Москва и Петербург в лапах у красных жидов, да пусть бы и всем остальным подавились, но Полесье, возможно, удастся отстоять — в это Телецкий, хоть и сознавая наивность чаяний, пока ещё верил. Пусть с помощью польских легионеров или немецкой армии, пусть ценой Гражданской войны, пусть собственной кровью (но, всё же, не жизнью) — но не допустить анархии. Телецкий старался подходить к делу разумно, с практической стороны — ему Ратмировичи нужны, потому что это его собственность, его капитал. Но есть и другой, тоскливый резон — имение богатое, хозяйство налажено, а пусти туда озверелое хамовьё, и что будет? Что они, невежи, могут, кроме как разрушать? Ну, поделят и распашут землю, а остальное? Сады порубят и пожгут, всё осквернят и уничтожат. Красивый старый особняк, если не спалят, так разграбят. В лучшем случае, если не совсем запоганят, — устроят школу для своих сопливых выродков, а уж те усадьбу окончательно доконают. Не пойдёт имению на пользу ни польская, ни немецкая оккупация — все будут только грабить, но всё же это лучше, чем большевики…

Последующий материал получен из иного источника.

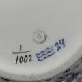 Bestående af: Oval frugtskål nr. 1002, kageopsats nr. 1023, muslingeformet asiet nr. 1074, sukkerskål nr. 1113, flødekande nr. 1032, lavt bæger nr. 1015, højt bæger nr. 1016, 3 asietter nr. 1004, 2 askebægre med tændstikæskeholder nr. 1072, skål nr. 1019 og lågskål nr. 1100.

Так, ещё на что-то надеясь, Телецкий не хотел бросать своё опустевшее родовое гнездо. И с отдалённо похожим чувством Звонова бросать раньше времени тоже не хотел. Ведь и в Лёвушке, таком злом и ершистом, таком жарком и ласковом, было что-то до боли знакомое, родное, ускользающее навсегда, болезненное и прекрасное.

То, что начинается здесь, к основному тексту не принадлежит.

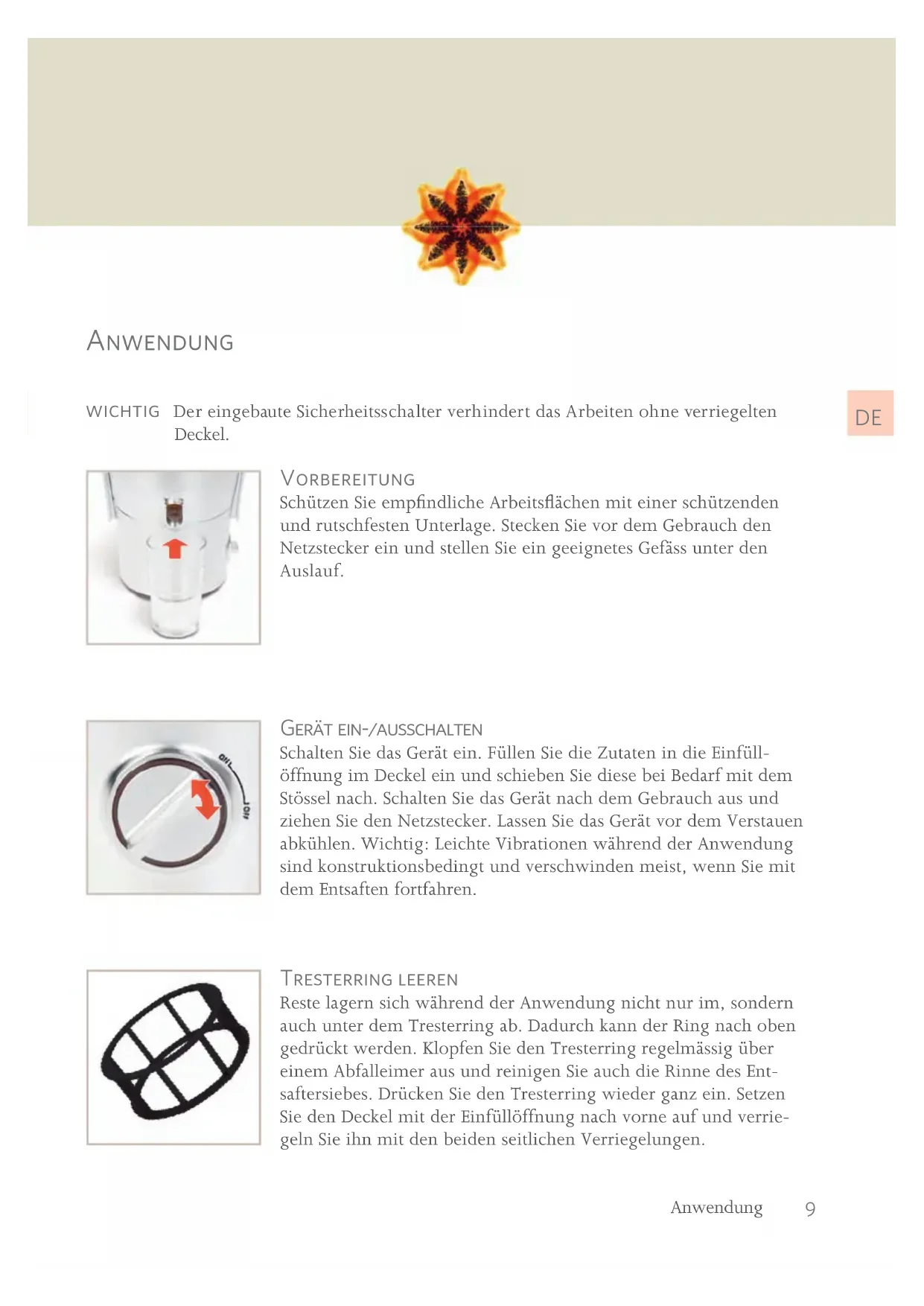 BEDIENUNGSCANLEITUNG ENTSAFTER

Болезненное, да. Родная усадьба не приносила Телецкому боли — лишь только досаду от перспективы её потерять. А Звонов тупым ножом пилил сердце именно тем, что был рядом. Проблема не в его безобразном поведении. В конце концов, Телецкий готов был хамское поведение терпеть (ведь было же, ради чего) и прощать. Он даже, пожалуй, мог бы прихватить Звонова с собой в Париж или Берлин — хотя бы в качестве багажа и развлечения на длинную дорогу. Хотя бы в надежде, что там, на иной земле, Лев перестанет выёживаться и, при должном воздействии, станет послушным и шёлковым. Определённо, тревожный сигнал — всё чаще Телецкий ловил себя на крамольной мысли: славно было бы не одному, а вдвоём, с верным другом, ведь из всех собачьих качеств верностью Лев обладал в полной мере. Тогда бы и ностальгия им нипочём, и две гитары за стеной жалобно заныли, и сам чёрт не брат — вместе было бы веселее мыкаться по бесприютному чужому миру…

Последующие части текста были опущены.